2). Pola Pembiayaan Pola pembiayaan terdiri dari bagi hasil dan jual beli dengan mark up
(1). Bagi Hasil Bagi hasil dilakukan antara BMT dengan pengelola dana dan antara BMT dengan penyedia dana (penyimpan/penabung). Bagi hasil ini dibedakan atas: • Musyarakah, adalah suatu perkongsian antara dua pihak atau lebih dalam suatu proyek dimana masing-masing pihak berhak atas segala keuntungan dan bertanggung jawab atas segala kerugian yang terjadi sesuai dengan penyertaannya masing-masing. • Mudharabah, adalah perkongsian antara dua pihak dimana pihak pertama (shahib al amal) menyediakan dana dan pihak kedua
(mudharib) bertanggung jawab atas pengelolaan usaha. Keuntungan dibagikan sesuai dengan rasio laba yang telah disepakati bersama terlebih dahulu di depan. Manakala rugi, shahib al amal akan kehilangan sebagian imbalan dari kerja keras dan manajerial skill selama proyek berlangsung. • Murabahah, adalah pola jual beli dengan membayar tangguh, sekali bayar. • Muzaraah, adalah dengan memberikan l kepada si penggarap untuk ditanami dan dipelihara dengan imbalan bagian tertentu (prosentase) dari hasil panen. • Wusaqot, adalah bentuk yang lebih sederhana dari muzaraah dimana si penggarapnya bertanggung jawab atas penyiraman dan pemeliharaan.
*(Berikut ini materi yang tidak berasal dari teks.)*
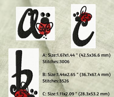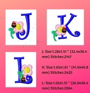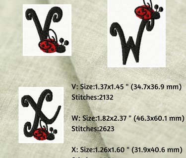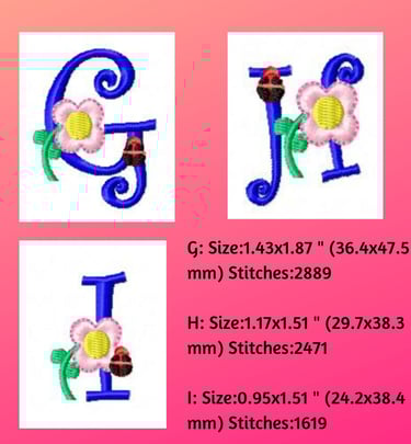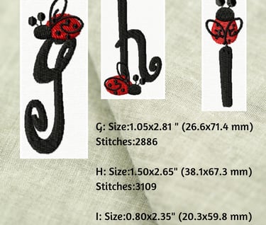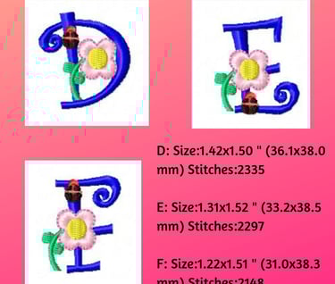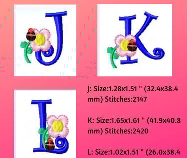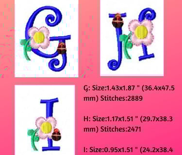 Keep in mind that when creating a word using these letters, there will be jump stitches. Click on the "shop now" button to see the photo before I cut the jump stitches in these two samples.
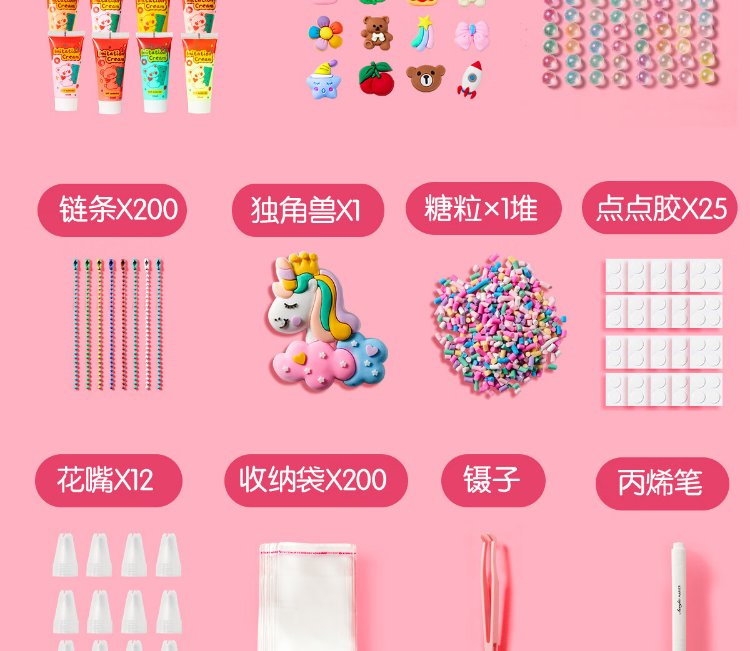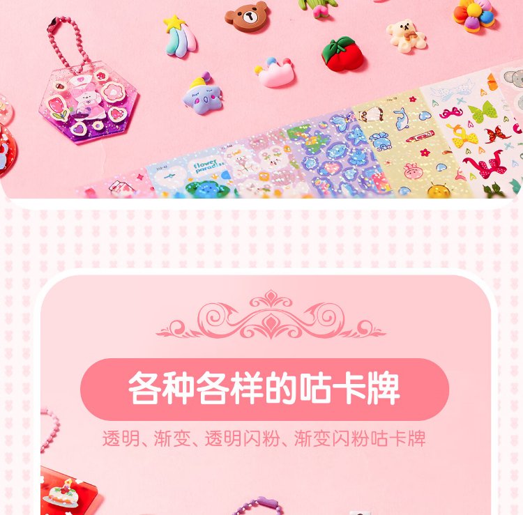 欣格奶油胶咕卡套装儿童玩具女孩礼物DIY手工挂件咕盘贴纸皮箱1138件
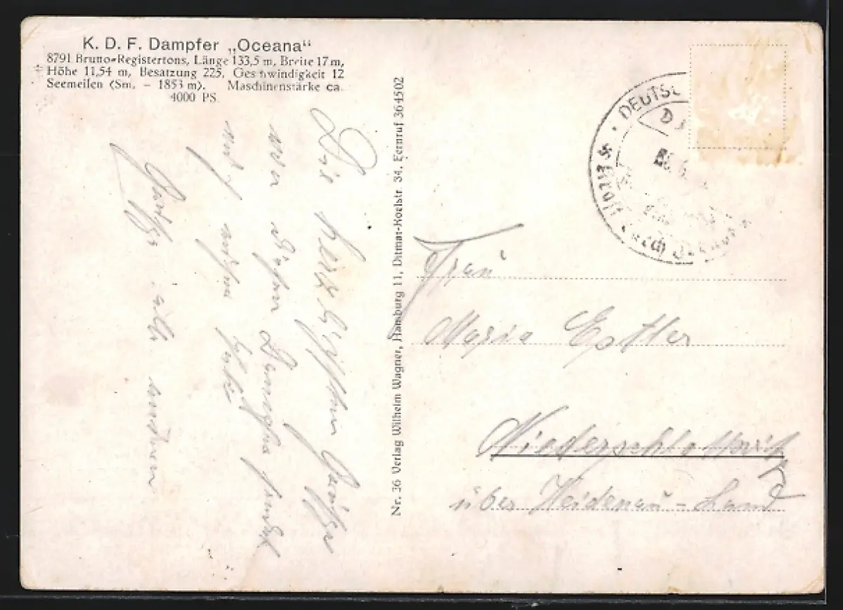 AK Passagierschiff K. d. F. Dampfer Oceana im Hafen
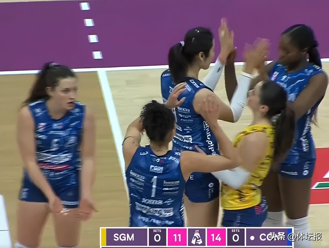 在本輪意甲中,中國女排的兩代主攻所代表的球隊賽場碰面。前兩局,科內利亞諾隊掌控比賽局勢,25比23、25比17連下兩局。聖喬瓦尼隊在第三局伊始佔據比分優勢,最終還是被對手翻盤,19比25丟掉後輸掉本場比賽。

Sebagai imbalan si penggarap berhak atas rasio tertentu dari hasil panen.
(2). Jual Beli dengan Mark Up (keuntungan)
Jual beli dengan mark up merupakan tata cara jual beli yang dalam pelaksanaannya, BMT mengangkat nasabah sebagai agen (yang diberi kuasa) melakukan pembelian barang atas nama BMT, kemudian BMT bertindak sebagai penjual kepada nasabah dengan harga sejumlah harga beli tambah keuntungan bagi BMT atau sering disebut margin/mark up. Keuntungan yang diperoleh BMT akan dibagi kepada penyedia dan penyimpan dana. Jenis-jenisnya adalah: • Bai Bitsaman Ajil (BBA), adalah proses jual beli dimana pembayaran dilakukan secara lebih dahulu dan penyerahan barang dilakukan kemudian. • Bai As Salam, proses jual beli dimana pembayaran dilakukan terlebih dahulu dan penyerahan barang dilakukan kemudian.
• Al Istishna, adalah kontrak order yang ditandatangani bersamaan antara pemesan dengan produsen untuk pembuatan jenis barang tertentu. • Ijarah atau Sewa, adalah dengan memberi penyewa untuk mengambil pemanfaatan dari sarana barang sewaan untuk jangka waktu tertentu dengan imbalan yang besarnya telah disepakati bersama. • Bai Ut Takjiri, adakah suatu kontrak sewa yang diakhiri dengan penjualan. Dalam kontrak ini pembayaran sewa telah diperhitungkan sedemikian rupa sehingga padanya merupakan pembelian terhadap barang secara berangsur. • Musyarakah Mustanaqisah, adalah kombinasi antara musyawarah dengan ijarah (perkongsian dengan sewa). Dalam kontrak ini kedua belah pihak yang berkongsi menyertakan modalnya masing-masing.
3). Pembiayaan Non Profit
Sistem ini disebut juga pembiayaan kebajikan. Sistem ini lebih bersifat sosial dan tidak profit oriented. Sumber dan pembiayaan ini tidak membutuhkan biaya, tidak seperti bentuk-bentuk pembiayaan lainnya. 4. Pembentukan BMT Tujuan pembentukan BMT adalah untuk memperbanyak jumlah BMT sedangkan tujuan BMT itu sendiri adalah untuk :

1) memajukan kesejahteraan anggota dan masyarakat umum,

2) meningkatkan kekuatan dan posisi tawar pengusaha kecil dengan pelaku lain. Proses pembentukan BMT adalah sebagai berikut: Pertama, para pendiri minimum 20 orang.
Para pendiri menghubungi PINBUK setempat untuk mengurus perijinan pendiriannya. Kedua, mendaftarkan calon pengelola untuk mengikuti pelatihan singkat dan magang. Ketiga, mempersiapkan modal awal sebesar Rp. 5juta di pedesaan dan Rp.10juta di perkotaan. Keempat, jika bermaksud menjadi koperasi, BMT dapat segera mengajukan permohonan badan hukum koperasi.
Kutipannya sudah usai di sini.